Last week I attended the IFC’s Latin America and Caribbean Innovation, Integration and Inclusion Workshop held in beautiful Salvador da Bahia, Brazil. As it is the World Bank’s Innovation Days this week I thought it would be interesting to share some of the insights on how to design innovation.
Featured at the workshop was guest speaker Juan Carlos Castilla-Rubio, President & CEO of Planetary Skin Institute (PSI). PSI is a global non-profit research and development organization born out of a public-private partnership between Cisco Systems and NASA that aims to improve the lives of millions around the world by developing information technology based risk and resource management tools that address the growing challenges of resource scarcity and the increasing impact and frequency of natural disasters. PSI has been very innovative since its inception and has created award winning tools such as ALERTS (Automated Land Change Evaluation, Reporting and Tracking System) which allows user to monitor for free any changes to land use (such as deforestation) anywhere in the world.

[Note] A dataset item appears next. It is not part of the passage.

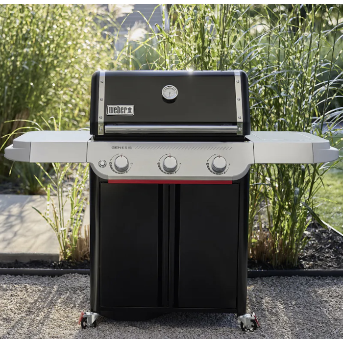 - Stylish black and stainless steel barbecue finish for a modern look and lasting durability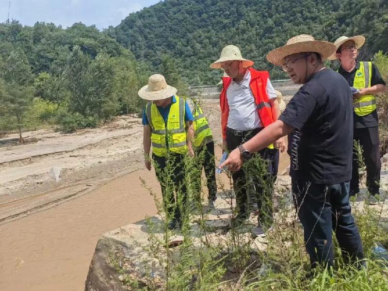 廖海东在水毁发生后和设计单位、养护单位踏勘水毁现场(图片正中位置)

Juan Carlos had the following five interesting insights from his experience building PSI on how to design innovation for impact in the developing world:
(1) Avoid only focusing innovations on the “inventions” – rather think about the impact the innovation can have or how the innovation can be used for impact. Impact not invention must be the driving force of idea design;
(2) Learn from how innovation occurs in natures complex ecosystems – we can learn a lot from how competition plays out in the natural world and apply those lessons to our ventures;
(3) Open up innovation flows in and out of the organization – not focusing on learning only from within the places you work rather to seek to expand and explore new ideas from a wide variety of sources;
(4) Partner with revolutionary social entrepreneurs through social networks to solve real problems on the ground;
(5) Leverage the power of cross sector and cross disciplinary collaboration even through it is very hard in practice.
I am curious to know reader’s thoughts on how we can push the World Bank Group and IFC to be more innovative in how we approach our work to achieve the maximum development impact while working with public and private sectors. Do Juan Carlo’s insights hold true from your experience? What other recommendations on designing innovations would you add?